Every year since 1986, the Museveni government has had a quarrel with the media. The President has led the way, publicly denouncing media houses every so often. State organs have periodically shut down newspapers and radio stations, and the Police have regularly interrogated reporters and editors.
Slowly, a context has been created in which today’s events are possible. Ruling party politicians and RDCs and DPCs and other cadres of the system have taken after their boss. They now casually slap, whip, kick and detain reporters. They target cameras for damage or confiscation or both. They do this in broad daylight, as we are wont to say in this country, knowing this is something the higher-ups will not frown upon because those same higher-ups have repeatedly declared the media useless at best and traitorous at worst.
If the media are guilty in the walk-to-work protests, they are guilty of contradicting a narrative that President Museveni is pushing, and which he wants to be the only narrative in town. The government story is that Dr Besigye is not just irresponsible; he is evil.
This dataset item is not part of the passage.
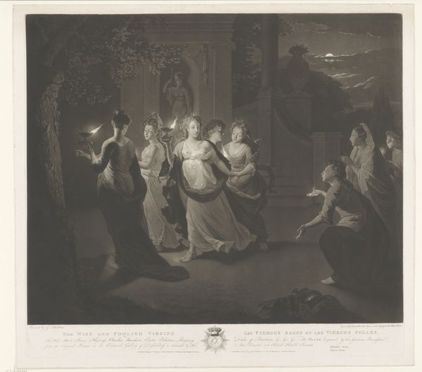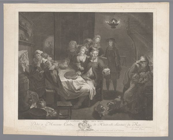Curator: The stark emotion practically leaps off this print, doesn't it? Editor: It’s positively heart-wrenching. What are we looking at? A scene of profound grief? Curator: Exactly. This is "Laatste samenzijn van Lodewijk XVI en zijn familie," or "Last Reunion of Louis XVI and his Family." It’s an engraving from 1794, created by Luigi Schiavonetti. We are so lucky to see it at the Rijksmuseum. Editor: It does have that historical novel sort of weight to it. And a terrible claustrophobia. Everyone's crowded together but terribly isolated in their despair. How do you find a tender moment in something so political, if that makes sense? Curator: That tension, that attempt at tenderness within historical inevitability, is precisely where I think its power lies. It's propaganda, of course, intended to stir royalist sentiments, but it's also incredibly vulnerable. You can see the attempts at neoclassical dignity, even serenity, in the figures' poses, but their anguish cracks through. Look at Marie Antoinette’s wild, despairing gestures, versus the carefully balanced composition of the whole scene. Editor: Yes, even in what should be a balanced domestic scene, everything seems askew. It really feels like everyone is teetering, about to fall. Even the priest to the left feels sort of shifty. This might sound crazy, but it reminds me of an early silent film still; exaggerated poses, a kind of desperate stagecraft. Curator: What you see in it relates back to the history of its creation. Remember that images like this were explicitly designed to tug at heartstrings. That very artificiality, that “stagecraft” as you call it, is a conscious choice meant to elicit a powerful emotional response from the viewer. The pen work allows for dramatic tonal contrast; and by the careful arrangement of each family member, Schiavonetti created maximum drama. Editor: A tragic opera in monochrome! Still, to witness something so deliberately manufactured, yet conveying real despondency, it creates this peculiar feeling, like an echo of something profoundly upsetting. A sense of genuine humanity bleeding through the calculation, wouldn't you say? Curator: I would, absolutely. It's that friction between intention and outcome that continues to draw me back to this image. It leaves me considering not just what happened, but also how we are *supposed* to feel about it. Editor: Definitely a moment to ponder. It’s always about more than meets the eye isn’t it? Thanks for walking me through that!

This, says the government, stems from the fact of Dr Besigye being a consistent sour loser in his presidential quest. He is therefore deceptively mobilising the wretched-of the-earth – or “drug-users” in President Museveni’s view or better still “the dregs of society, the stone and rock hurlers, the great unwashed of the slums” in senior presidential aide John Nagenda’s words – to take power. The government narrative, intentionally or otherwise, reduces all the two million Ugandans who voted Dr Besigye into a bunch of drug users and rock hurlers.
That storyline runs into trouble when we see via the media the security agents doing terrible things as well. President Museveni would like to see extended TV footage showing Dr Besigye’s supporters and other marchers hurling stones at the Police and the military, but footage from the same outlets have also shown that the stone-throwing has tended to come after protesters have been forcibly denied the right to protest.
By confronting the protesters’ evil with police evil, the evils cancel out. Because the security personnel have and use disproportionate firepower, the lasting image created is that of a scared and brutal government. President Museveni does not want that. So he is taking it out on the media. He, however, undermines his case – of bias – by saying that media have an agenda against the fatherland.
Media must not cave in to this presidential bullying either for business or other considerations. To do so would be to allow autocracy to flourish. They should find inspiration in this 1991 statement by Mr John Tusa: “The media are inconvenient; they get in the way.
But they do so not just because they are congenitally members of the awkward squad but because national leaders need to have their claims to unquestioning legitimacy, to be the sole arbiters of their nation’s destiny, subjected to test.” The President too may want to chew on Mr Tusa’s words.